Involution words are variations of reduced words for twisted involutions in Coxeter groups. They arise naturally in the study of the Bruhat order, of certain Iwahori-Hecke algebra modules, and of orbit closures in flag varieties. Specifically, to any twisted involutions $x$, $y$ in a Coxeter group $W$ with automorphism $*$, we associate a set of involution words $\hat{\mathcal{R}}_*(x,y)$. This set is the disjoint union of the reduced words of a set of group elements $\mathcal{A}_*(x,y)$, which we call the atoms of $y$ relative to $x$. The atoms, in turn, are contained in a larger set $\mathcal{B}_*(x,y) \subset W$ with a similar definition, whose elements we refer to as Hecke atoms.
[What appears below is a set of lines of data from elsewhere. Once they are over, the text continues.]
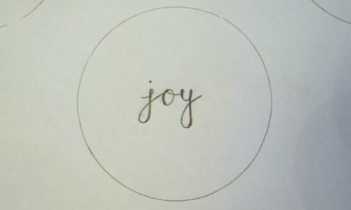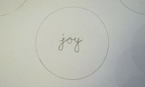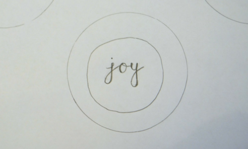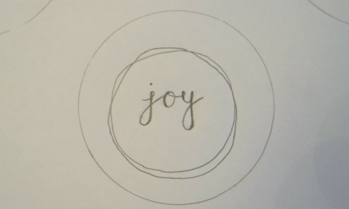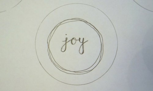 In a cursive style of handwriting, write the word "joy." On the downstrokes, add extra lines and color in the spaces.
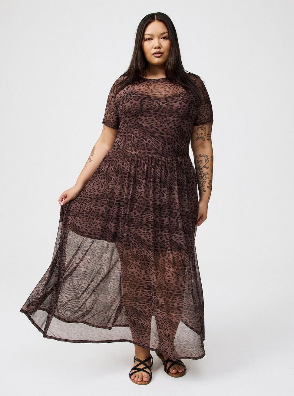 Relaxed Tea Length Mesh T-Shirt Dress
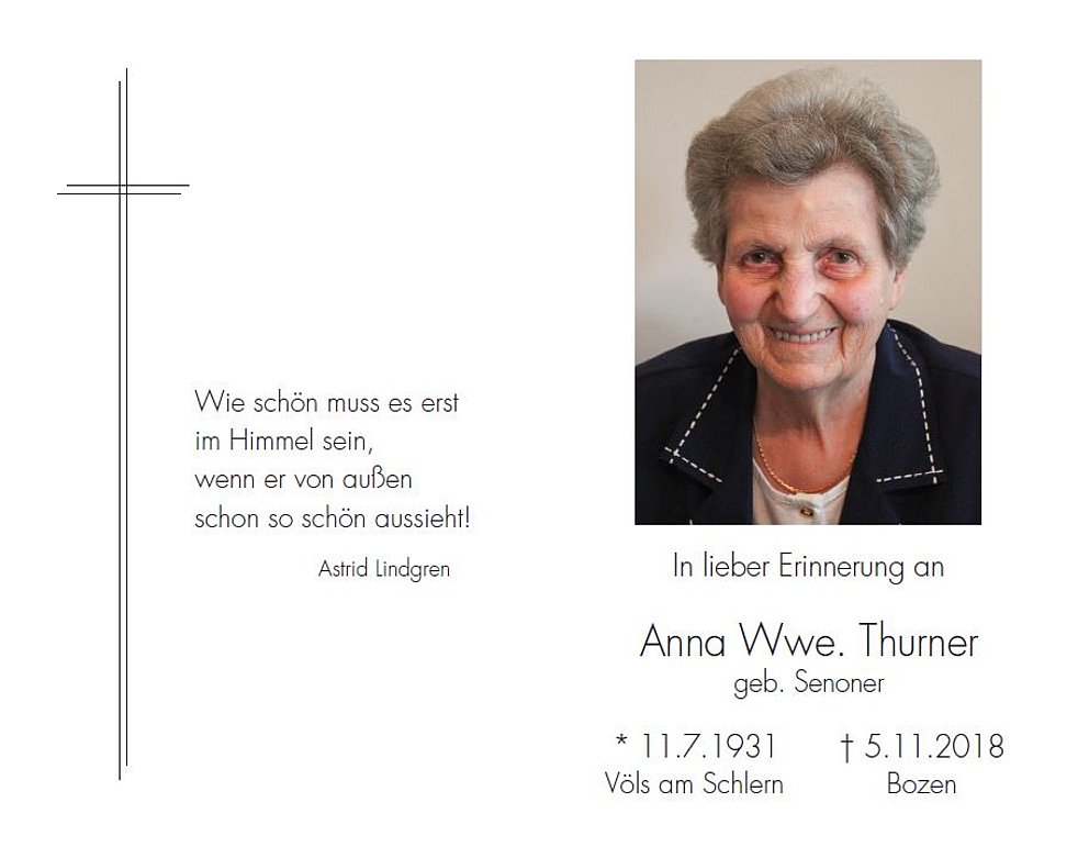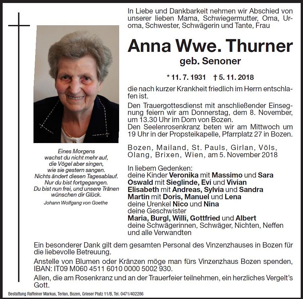 Anstelle von Blumen oder Kränzen möge man fürs Vinzenhaus Bozen spenden. IBAN: IT09M0604511601000005002930
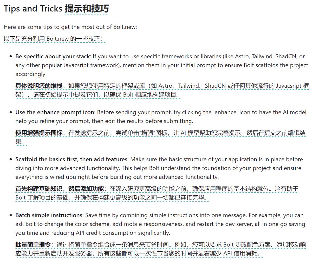 AI 代码工具 Bolt new 的项目居然是开源的。想做类似产品的可以参考这个项目。里面还写了使用 Bolt 的技巧。项目地址:
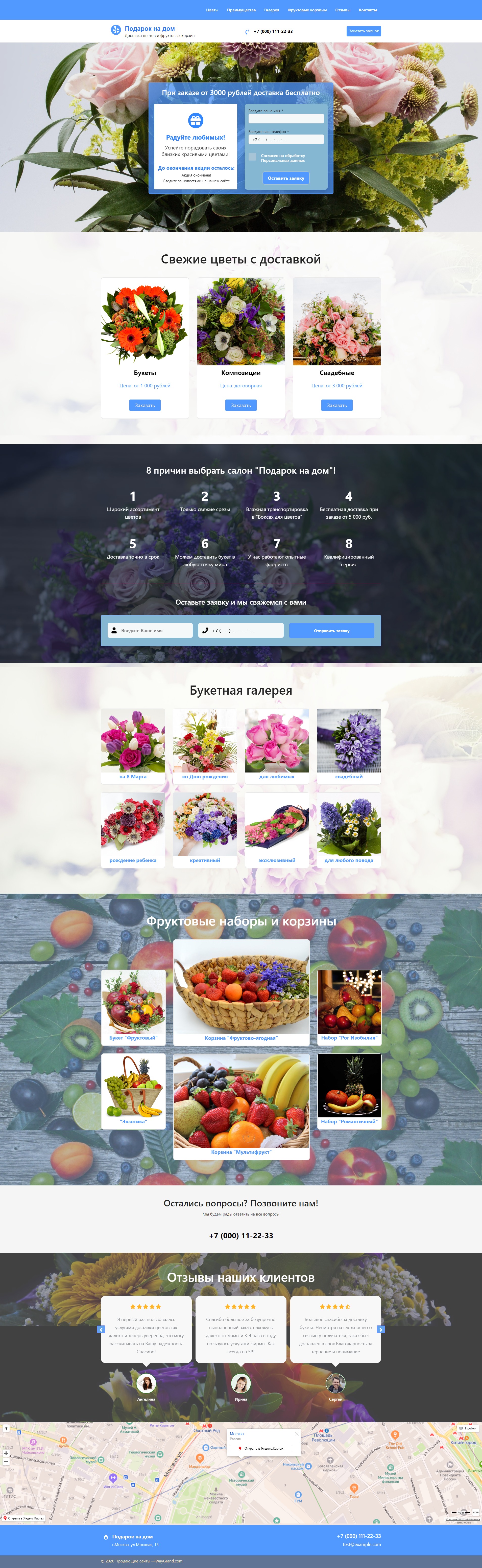 - Промоблок с формой "При заказе от 3000 рублей доставка бесплатно"

Our main results concern some interesting properties of the sets $\hat{\mathcal{R}}_*(x,y)$ and $\mathcal{A}_*(x,y) \subset \mathcal{B}_*(x,y)$. For finite Coxeter groups we prove that $\mathcal{A}_*(1,y)$ consists of exactly the minimal-length elements $w \in W$ such that $w^* y \leq w$ in Bruhat order, and conjecture a more general property for arbitrary Coxeter groups. In type $A$, we describe a simple set of conditions characterizing the sets $\mathcal{A}_*(x,y)$ for all involutions $x,y \in S_n$, giving a common generalization of three recent theorems of Can, Joyce, and Wyser. We show that the atoms of a fixed involution in the symmetric group (relative to $x=1$) naturally form a graded poset, while the Hecke atoms surprisingly form an equivalence class under the "Chinese relation" studied by Cassaigne, Espie, et al. These facts allow us to recover a recent theorem of Hu and Zhang describing a set of "braid relations" spanning the involution words of any self-inverse permutation. We prove a generalization of this result giving an analogue of Matsumoto's theorem for involution words in arbitrary Coxeter groups.